Question 12.11: DESIGN OF IN-LINE MECHANICAL BLENDERS Choose a typical comme...

1 (US Customary System):

Select a residence time of 0.5 s in blender (check on typical residence time of a commercial blender) from Section 12.3.3.
0.5 water hp is required for each MGD of water flow.

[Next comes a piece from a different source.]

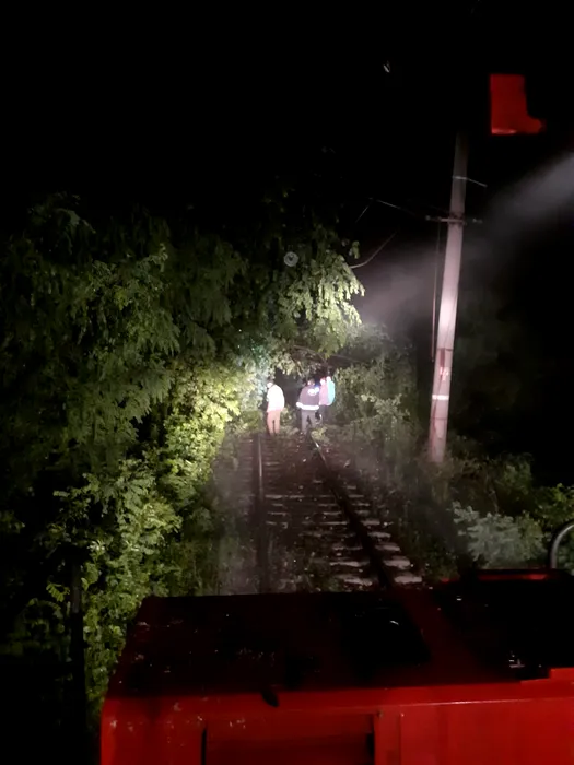 Circulația trenurilor, afectată de vremea severă. Probleme pe mai multe magistrale feroviare din cauza copacilor prăbușiți după furtuni | GALERIE FOTO

P = required power input = (0.5 hp∕1 MGD)(1.6 MGD)
= 0.8 water hp
= 0.8 hp × (550 ft-lb∕s)∕(1 hp)
= 440 ft-lb∕s

t_{d} = 0.5 s
Q = 1.6 MGD = 1.6 MGD× (1.547 cfs∕MGD) = 2.4752 ft³∕s
V = water volume to which power is supplied at 0.5 s
= Qt_d = (2.4752 ft³∕s)(0.5 s) = 1.2376 ft³

At 8°C

𝜇 = viscosity = 1.387 centipoises at 8°C
= 1.387 centipoises × (2.088 × 10^{−5} lb-s∕ft²)∕(1 centipoises)
= 2.90 × 10^{−5} lb-s∕ft² at 8°C

G = (P∕𝜇V)^{0.5}
= {(440 ft-lb∕s)∕[(2.9 × 10^{−5} lb-s∕ft²)(1.2376 ft³)]}^{0.5}
= 3,500 s^{−1}

At 18°C

𝜇 = 2.2 × 10^{−5} lb-s∕ft² at 18°C
G = {(440 ft-lb∕s)∕[(2.2 × 10^{−5} lb-s∕ft²)(1.2376 ft³)]}^{0.5}
= 4,000 s^{−1}

The range of G values lies within the recommended values of 3,000–5,000 s^{−1}

2 (SI System):

Select a residence time of 0.5 s in blender (check on typical residence time of a commercial blender) from Section 12.3.3.
0.37 kW is required for 43.8 L/s of water flow. 6.0560 MLD = 6.0560 × 10^{6}L/1,440 × 60 s = 70.1 L/s

P = required power input = (0.37 kW∕43.8 L∕s)(70.1 L∕s)
= 0.592 kW
= 581.61 N-m∕s or watts
t_{d} = 0.5 s
Q = 6.0560 MLD = 6.0560 × 10³ m³∕(1,440 × 60 s)
= 0.07 m³∕s
V = water volume to which power is supplied at 0.5 s
= Qt_d
= (0.07 m³∕s)(0.5 s) = 0.035 m³

At 8°C

𝜇 = viscosity = 1.387 centipoises at 8°C
= 1.387 × 0.001 Pa-s or N-s∕m²
= 1.387 × 10^{−3} N-s∕m²
G = (P∕𝜇V)^{0.5}
= {(581.61 N-m∕s)∕[(1.387 × 10^{−3} N-s∕m²)(0.035 m³)]}^{0.5}
= 3,500 s^{−1}

At 18°C

𝜇 = 1.060 × 10^{−3}  N-s∕m²
G = {(581.61 N-m∕s)∕[(1.06 × 10^{−3} N-s∕m²)∕(0.035 m³)]}^{0.5}
= 4,000

The range of G values lies within the recommended values of 3,000–5,000 s^{−1}.